Cette question d’évolution est le contexte plus profond de tout ce que MAVEN a accompli. La Terre et Mars ont commencé avec des ingrédients similaires : toutes deux formées dans le système solaire interne, toutes deux avaient de l’eau liquide au début de leur histoire, et toutes deux étaient soumises au même vent solaire. Mais la Terre a conservé son champ magnétique, son atmosphère et ses océans, tandis que Mars a perdu les trois. La découverte ajoute une nouvelle pièce à ce puzzle, montrant que même un champ magnétique partiel et localisé est suffisant pour interagir avec le vent solaire de la même manière fondamentale qu’un champ planétaire complet. La différence entre les deux mondes n’est pas une différence de nature, mais de degré.
Le motif dans le bruit
En physique, l’invariance d’échelle pointe souvent vers une vérité plus profonde. Lorsque les mêmes équations régissent des phénomènes à des échelles radicalement différentes, cela signifie généralement que ces équations capturent quelque chose d’essentiel. Le cycle de Dungey fonctionnant à l’échelle planétaire sur Terre et à l’échelle des mini-magnétosphères sur Mars suggère que la reconnexion magnétique est l’un de ces processus essentiels, aussi fondamental pour les interactions entre étoiles et planètes que la gravité l’est pour les mouvements de ces corps eux-mêmes.
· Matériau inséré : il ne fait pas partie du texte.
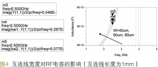 除互連線長度之外,互連線的寬度也會對RF電容產生影響。在襯底的制作過程中,線寬通常會發生變化(舉例來說,與設計寬度相比,實際線寬的變化范圍為±10.0μm~±15.0μm)。如圖4所示,如果設計的互連線為1.0mm長,60.0μm寬,實際卻達到40.0μm寬,在2.5GHz下等效電容變化將達到5.3%(以3.0pF接地SMD電容為例)。如果把這種SMD電容用于濾波器中,對于RF應用來說,電容值5.3%的變化將導致約2.7%的頻移。我們必須對RF應用中含有SMD電容的RFSiP模塊的襯底制造容差進行細致研究。

Les Martiens ne verraient pas de rideaux de lumière verte et rouge danser dans leur ciel. Leur atmosphère est trop ténue et de composition trop différente. Mais si quelqu’un se tenait dans les Hautes Terres du Sud par une nuit martienne claire, regardant le ciel au bon moment, il verrait une lueur, une tache localisée et évolutive de lumière ultraviolette, alimentée par le même moteur invisible qui illumine les cieux de la Terre.
L’échelle change. La physique, elle, ne change pas. MAVEN a passé 11 ans à prouver ce point, et avec cette dernière découverte, il a laissé la science planétaire plus riche qu’il ne l’a trouvée.